Your answer should hold exactly the lines below from the line with "- choisissez en" through the line with "(209). С. 9 - 13.", both included, and no pictures at all.

* [EXERCISE INPUTS]
----

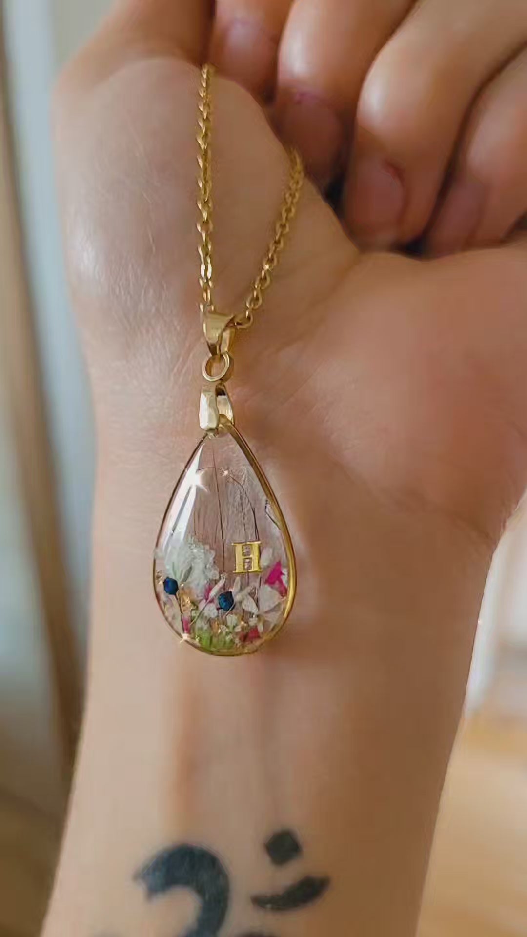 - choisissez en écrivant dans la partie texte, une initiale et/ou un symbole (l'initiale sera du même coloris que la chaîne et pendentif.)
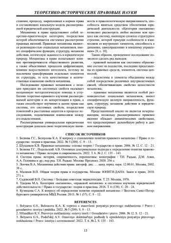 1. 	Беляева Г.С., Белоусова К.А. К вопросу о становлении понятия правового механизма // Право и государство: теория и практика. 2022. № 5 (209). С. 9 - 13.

----

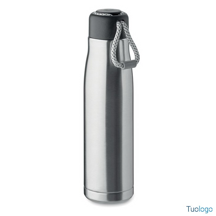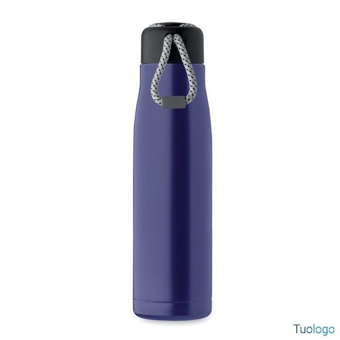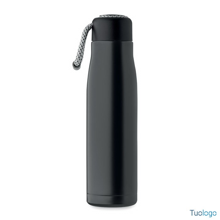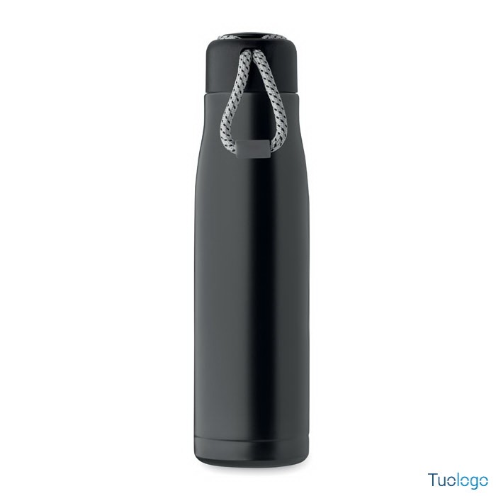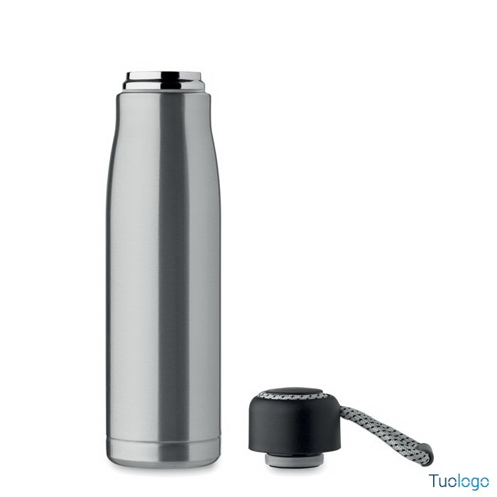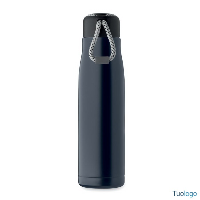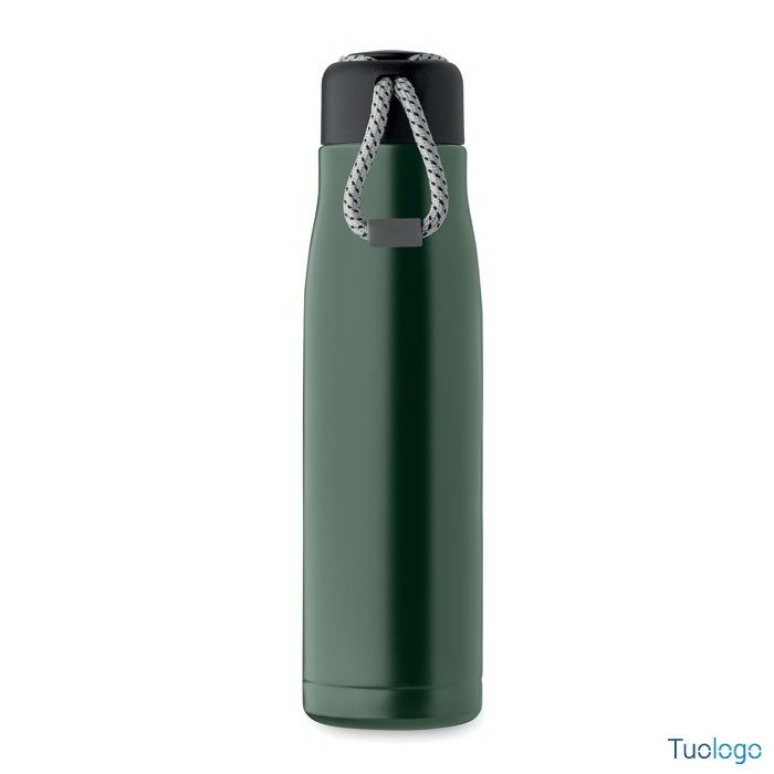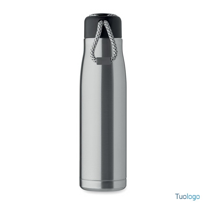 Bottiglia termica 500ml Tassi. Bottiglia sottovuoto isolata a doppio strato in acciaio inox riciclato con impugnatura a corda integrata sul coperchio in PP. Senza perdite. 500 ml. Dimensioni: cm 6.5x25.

----

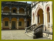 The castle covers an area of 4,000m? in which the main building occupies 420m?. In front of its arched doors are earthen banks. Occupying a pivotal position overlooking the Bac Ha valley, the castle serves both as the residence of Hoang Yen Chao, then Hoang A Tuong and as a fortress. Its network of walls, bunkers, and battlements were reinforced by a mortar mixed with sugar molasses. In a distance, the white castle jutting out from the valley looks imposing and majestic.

----

* [THE COMPLETED TASK]
 - choisissez en écrivant dans la partie texte, une initiale et/ou un symbole (l'initiale sera du même coloris que la chaîne et pendentif.)
 1. 	Беляева Г.С., Белоусова К.А. К вопросу о становлении понятия правового механизма // Право и государство: теория и практика. 2022. № 5 (209). С. 9 - 13.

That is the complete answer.